I notice this because I was checking posts I made 1 year ago: https://aftermath2022.blogspot.com/2024/08/2023-financial-report-of-united-states.html
Here is the key paragraph:
As discussed below, if current policy is left unchanged and based on this Financial Report’s assumptions, the debt-to-GDP ratio is projected to exceed 200 percent by 2049 and reach 535 percent in 2099. By comparison, under the 2023 projections, the debt to-GDP ratio exceeded 200 percent two years earlier in 2047 and reached 531 percent in 2098. Preventing the debt-to-GDP ratio from rising over the next 75 years is estimated to require some combination of spending reductions and revenue increases that amounts to 4.3 percent PV of GDP over the period. While this estimate of the “75-year fiscal gap” is highly uncertain, it is nevertheless nearly certain that current fiscal policies cannot be sustained indefinitely.

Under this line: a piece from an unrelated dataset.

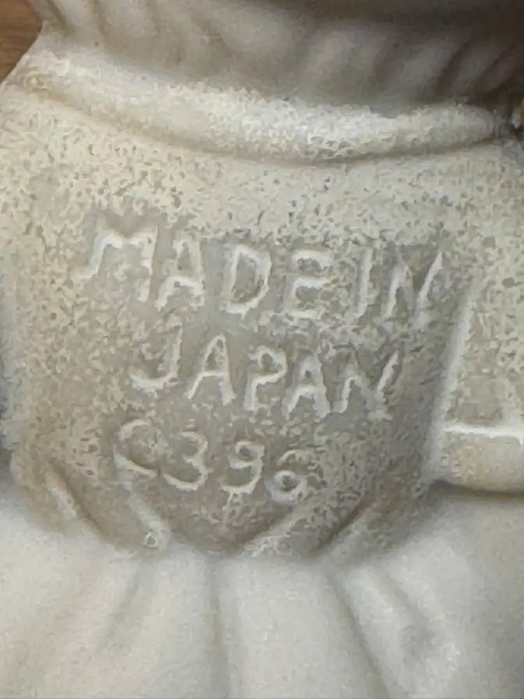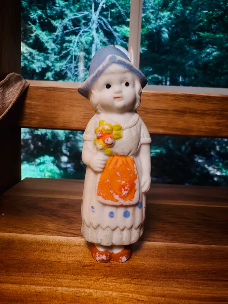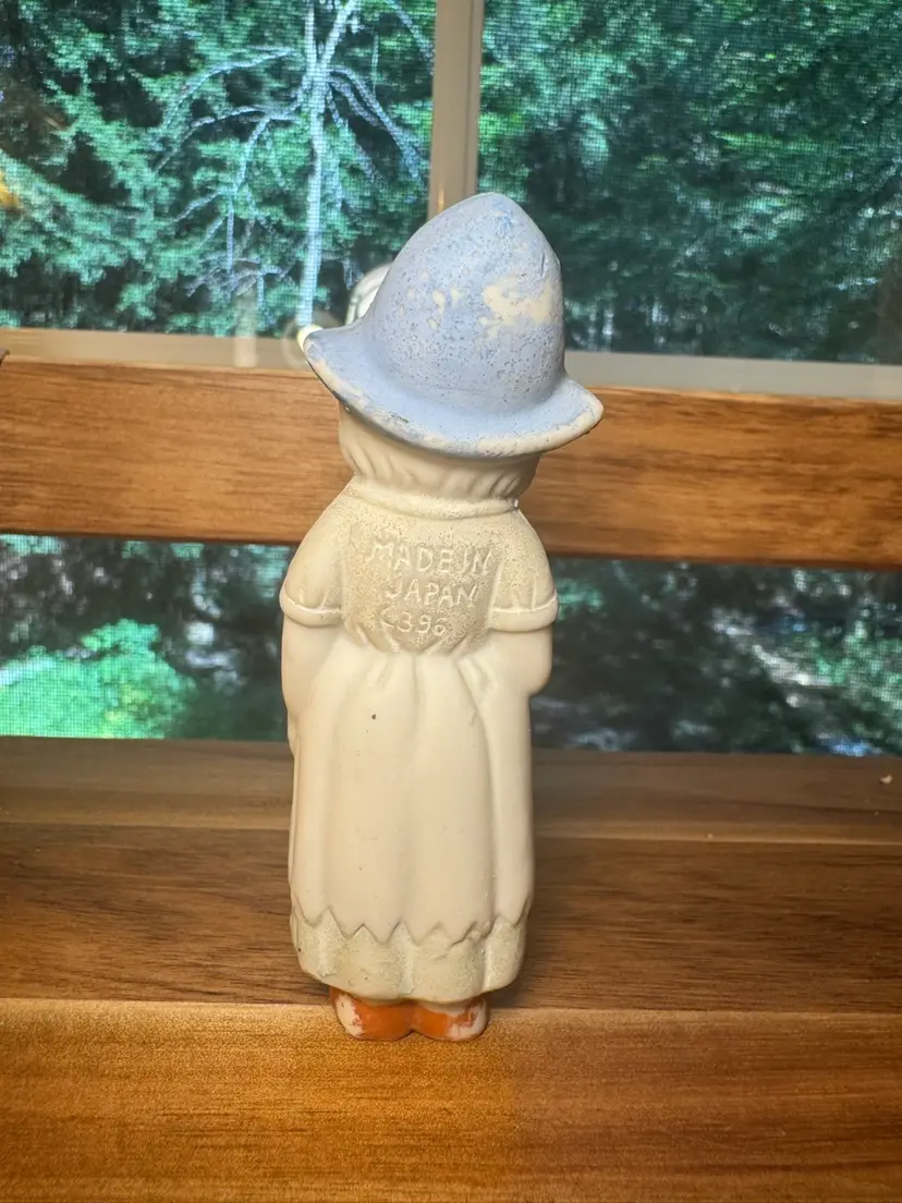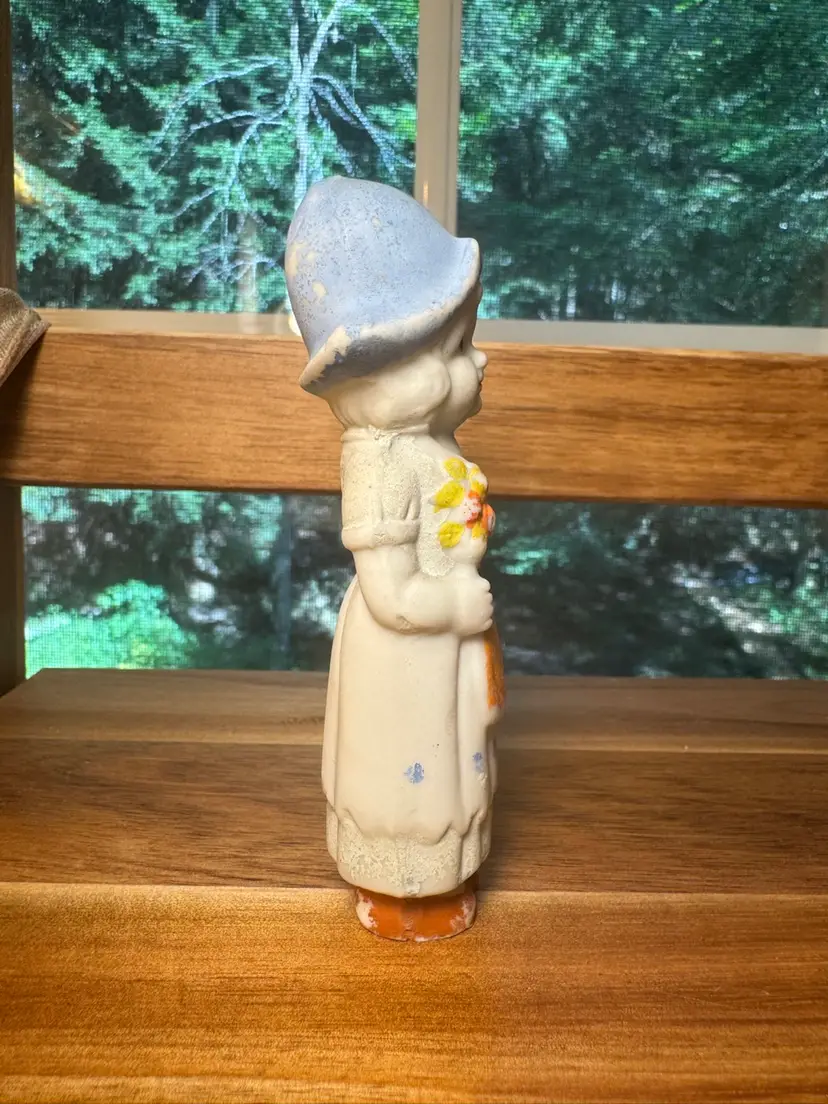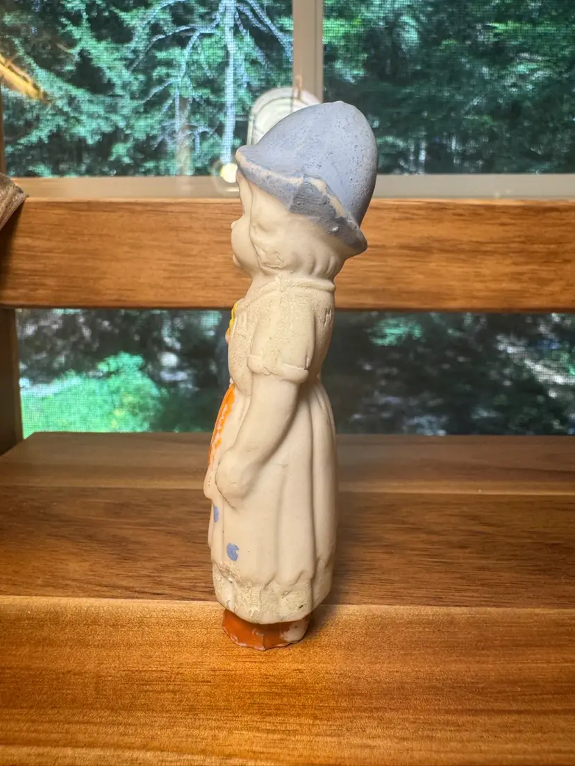 Made in Japan bisque, frozen Charlotte/little Dutch girl. These sweeties are always a joy to place around the house. She would make a good house plant addition.Polkadot apron.Japan & number stamped on back. Paint loss. Stands alone Approx 4” H.

So last year's report showed the 200% mark at 2047 and this says 2049, so that is good, right?
What about the Federal Employee & Veteran Benefits Payable? It is now at $15.033 trillion, up from $14.348 trillion last year. So this went up about $700 billion in just one year.
Total liabilities as of 9/30/24 were $45.5 trillion compared to $42.9 trillion as of 9/30/23.